I've spent most of my life trying to dull down the feelings in me-for so many reasons-but ultimately, because I wanted to stop hurting. The pain never seemed to go away. And, as unbelievable as it might seem, it has only been until very recently that I'm coming to terms with the fact that you simply cannot wish or numb pain away. I've called myself an "addict" when I went to meetings. I've been quick to throw many labels on myself through the years, when in all actuality, the only label that fits is "human." I'm human and in all of my frailties and ill attempts at existing with what I thought was a crappy deal I got handed in life, the pain never went away.

I have used what could be pleasures in life-food, money, love, lust, margaritas...to simply keep the pain a little more at bay.
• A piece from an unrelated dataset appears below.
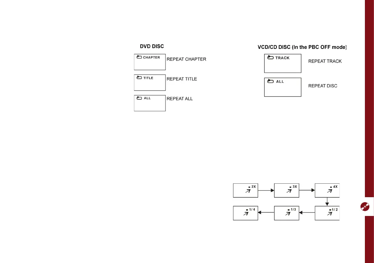 Press the REPEAT button during playback, it will repeat play one chapter or one title (for DVD disc), or repeat
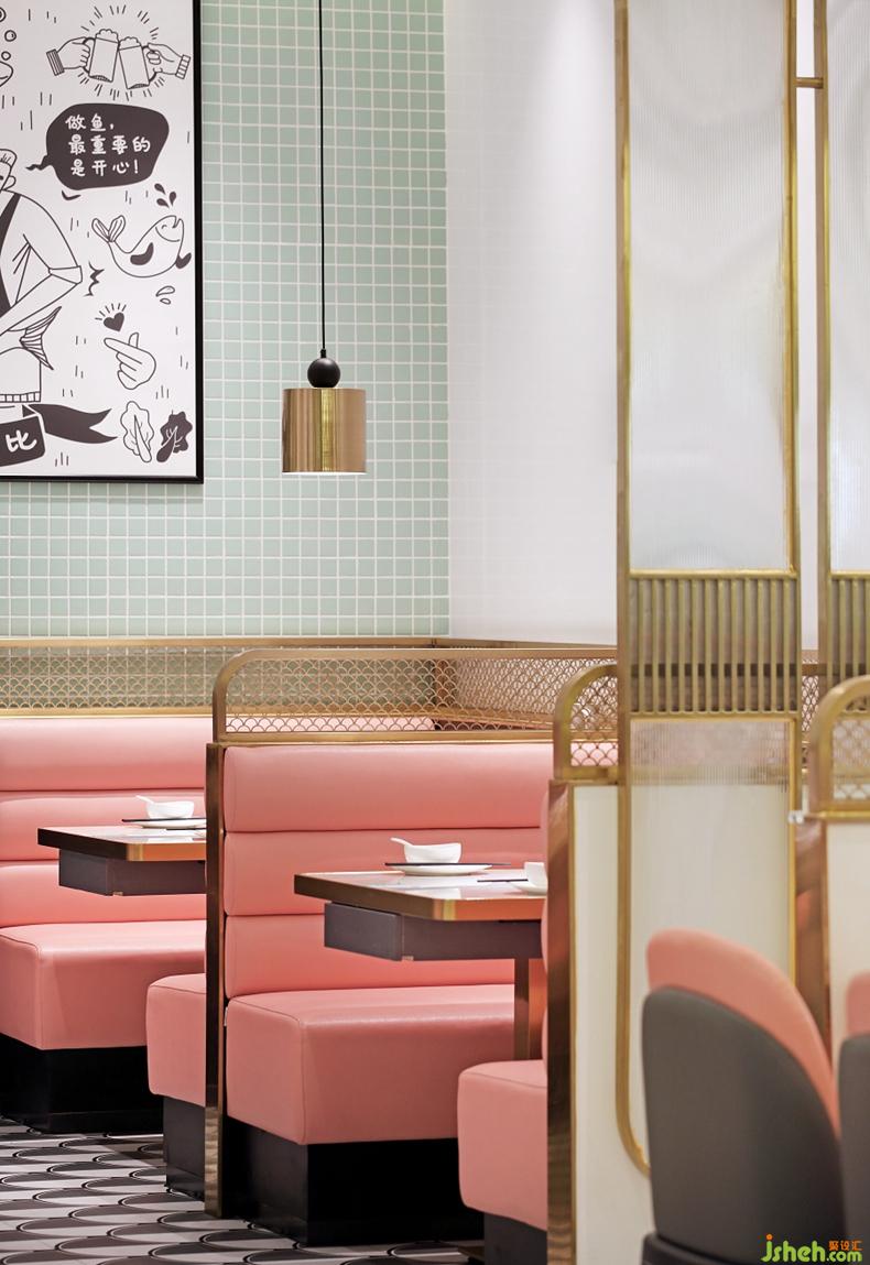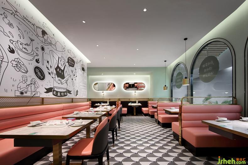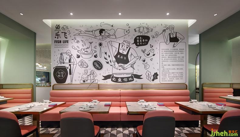 品牌文化為空間注入鮮活的靈魂,“無(wú)魚(yú)倫比”的主題插畫、“酸菜和魚(yú) 我和你 都是絕配”等品牌文案,皆是年輕人青睞的趣味化溝通方式,拉近空間、食物與顧客之間的距離。深圳餐廳設(shè)計(jì)

Pleasures are meant to be savored and honored for their purpose-not abused to fill a void or numb a pain they could never possibly relieve. It sounds so simple, but when you've been managing your pain, rather than releasing it, it is hell.

I believe that there is only one way to be revitalized...and that is to no longer anesthetize ourselves to whatever needs healing. So, while the in-between of pain and healing is an uncomfortable, and often, scary place to be...the promise it holds is that I am on my way forward, no matter how many baby steps it takes. And, when you really stop looking back with sorrow or looking forward with fear, you create a space to connect to all that truly matters...the very moment you are in.